--- Raw data ---
□ □ □ □ □

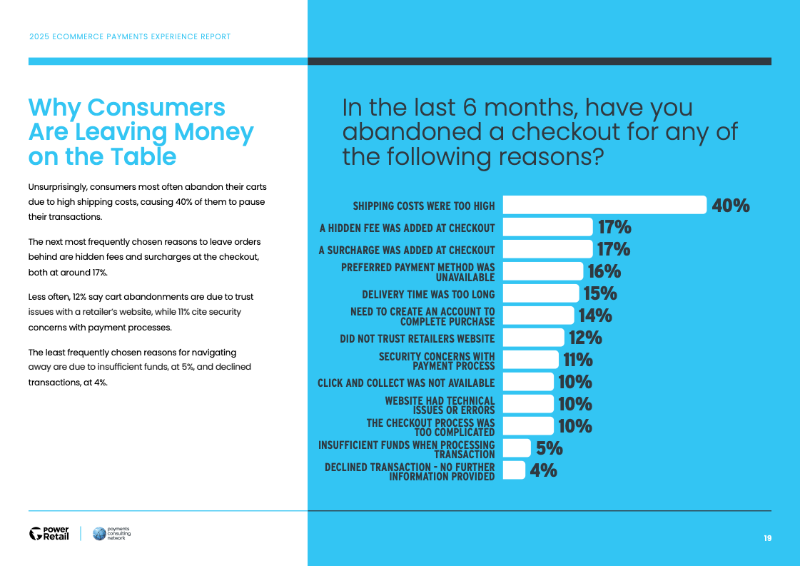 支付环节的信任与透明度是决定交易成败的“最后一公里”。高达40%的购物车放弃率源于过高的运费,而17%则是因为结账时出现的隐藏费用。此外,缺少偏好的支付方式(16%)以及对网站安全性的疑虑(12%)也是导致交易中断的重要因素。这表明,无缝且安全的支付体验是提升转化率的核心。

□ □ □ □ □

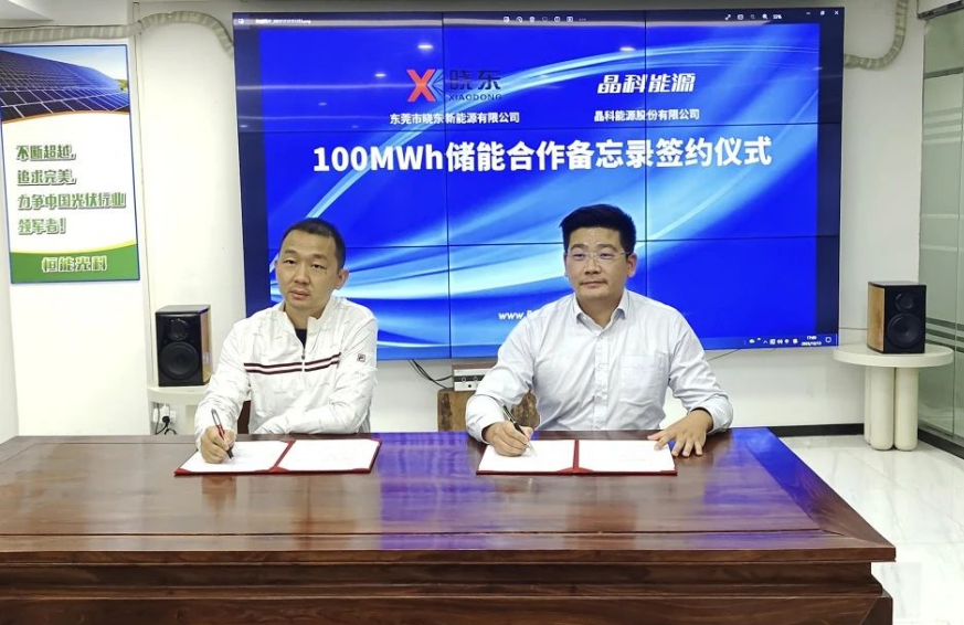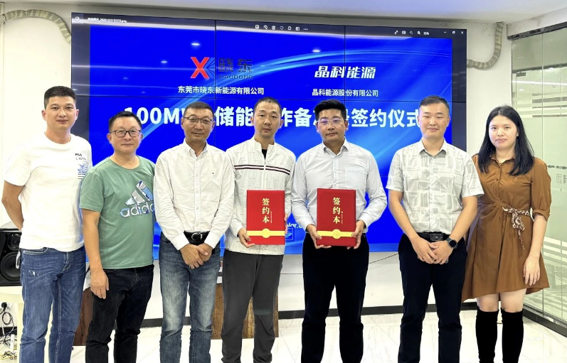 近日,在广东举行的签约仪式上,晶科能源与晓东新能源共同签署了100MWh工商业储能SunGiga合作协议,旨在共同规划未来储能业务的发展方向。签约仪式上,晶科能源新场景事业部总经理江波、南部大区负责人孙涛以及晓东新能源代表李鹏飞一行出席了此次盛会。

□ □ □ □ □

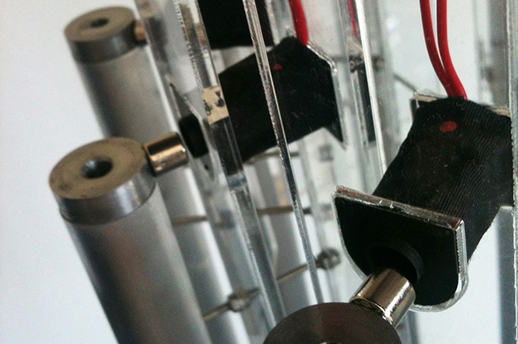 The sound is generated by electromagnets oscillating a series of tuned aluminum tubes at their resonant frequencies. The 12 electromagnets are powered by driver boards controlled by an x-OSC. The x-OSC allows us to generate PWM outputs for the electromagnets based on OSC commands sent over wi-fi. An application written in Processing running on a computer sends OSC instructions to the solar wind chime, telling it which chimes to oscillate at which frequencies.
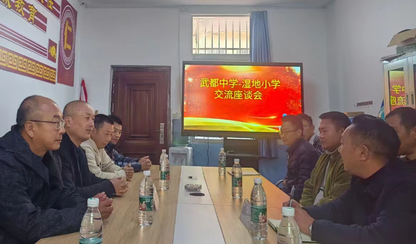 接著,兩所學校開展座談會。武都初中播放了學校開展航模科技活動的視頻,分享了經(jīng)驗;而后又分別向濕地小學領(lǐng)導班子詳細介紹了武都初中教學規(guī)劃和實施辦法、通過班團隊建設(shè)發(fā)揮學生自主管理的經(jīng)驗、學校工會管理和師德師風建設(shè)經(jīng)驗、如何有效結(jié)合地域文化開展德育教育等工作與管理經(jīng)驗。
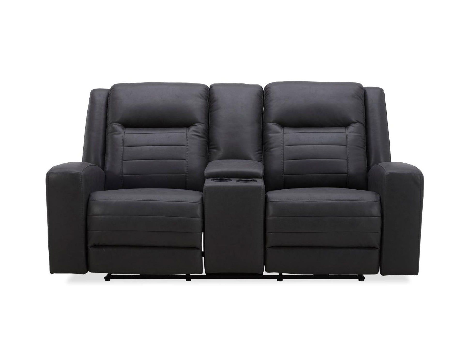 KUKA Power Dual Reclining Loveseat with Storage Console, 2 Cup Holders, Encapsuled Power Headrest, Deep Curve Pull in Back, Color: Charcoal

□ □ □ □ □

--- What the task requires ---
An exact copy is needed of the entries above, starting at the line that holds "The sound is" and stopping at the line that holds "接著,兩所學校開展座談會。武", both kept; pictures stay out.

--- Problem solution ---
 The sound is generated by electromagnets oscillating a series of tuned aluminum tubes at their resonant frequencies. The 12 electromagnets are powered by driver boards controlled by an x-OSC. The x-OSC allows us to generate PWM outputs for the electromagnets based on OSC commands sent over wi-fi. An application written in Processing running on a computer sends OSC instructions to the solar wind chime, telling it which chimes to oscillate at which frequencies.
 接著,兩所學校開展座談會。武都初中播放了學校開展航模科技活動的視頻,分享了經(jīng)驗;而后又分別向濕地小學領(lǐng)導班子詳細介紹了武都初中教學規(guī)劃和實施辦法、通過班團隊建設(shè)發(fā)揮學生自主管理的經(jīng)驗、學校工會管理和師德師風建設(shè)經(jīng)驗、如何有效結(jié)合地域文化開展德育教育等工作與管理經(jīng)驗。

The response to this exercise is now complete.